Russia Begins Pullback From Georgia Buffer Zone
By Cernig
On time, the Russian military has begun dismantling its presence in a buffer zone between Georgia proper and the breakaway regions of South Ossetia and Abkhazia. It's a bit of a blow to the neo-narrative.
Moscow faces a Friday deadline for pulling back its troops under the terms of a deal brokered by French President Nicolas Sarkozy on behalf of the European Union. Hundreds of EU observers began monitoring Russia's compliance last week.
A pullback would likely mean at least a mild reduction of tensions between Russia and the West following their worst confrontation since the Soviet collapse. But substantial points of dispute remain.
Russia was dismantling positions Sunday inside what it calls security zones, extending roughly four miles inside uncontested Georgian territory.
But Moscow vows to keep thousands of its troops stationed in two separatist Georgian regions that it recognizes as independent countries — South Ossetia and Abkhazia — which appears to stretch the terms of the cease-fire and which the Georgian government denounces.

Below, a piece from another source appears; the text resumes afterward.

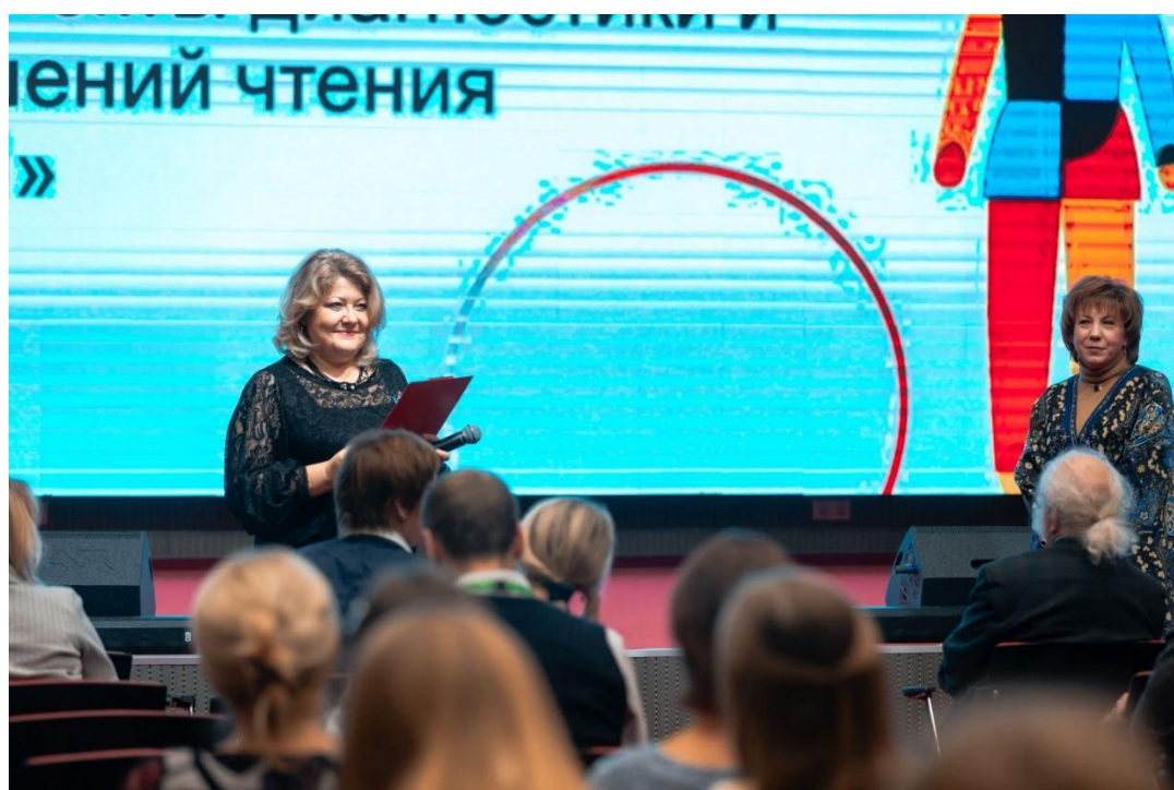
Научно-практическая конференция «Прикладные аспекты диагностики и коррекции нарушений чтения и письма у детей», в рамках V Всероссийской недели осведомленности о дислексии, октябрь 2023

Really, did anyone seriously expect Russia to do anything else, or Georgia to do less than denounce its continued presence in those regions? Western rhetoric on this entirely subjective "stretching" of the ceasefire is simple posturing too. If the situation was reversed, the US or any Western power would of course stay to protect people who look to it for safety against their own titular national government...who launched a surprise bombing attack on their own regional capital.
But at least the Europeans got off their asses and brokered the current ceasefire deal, while the Bush administration was still heckling from the bleachers and John McCain was running his neocon mouth about a new Russian Empire being born in Georgia. Meh, not so much. No Russian expansion, but certainly a multi-polar world where no-one can be bothered waiting to see if, by some miracle, an American Republican administration will do other than throw a rhetorical warhammer in diplomacy's works. It's what they always do, and it has become ignorably old.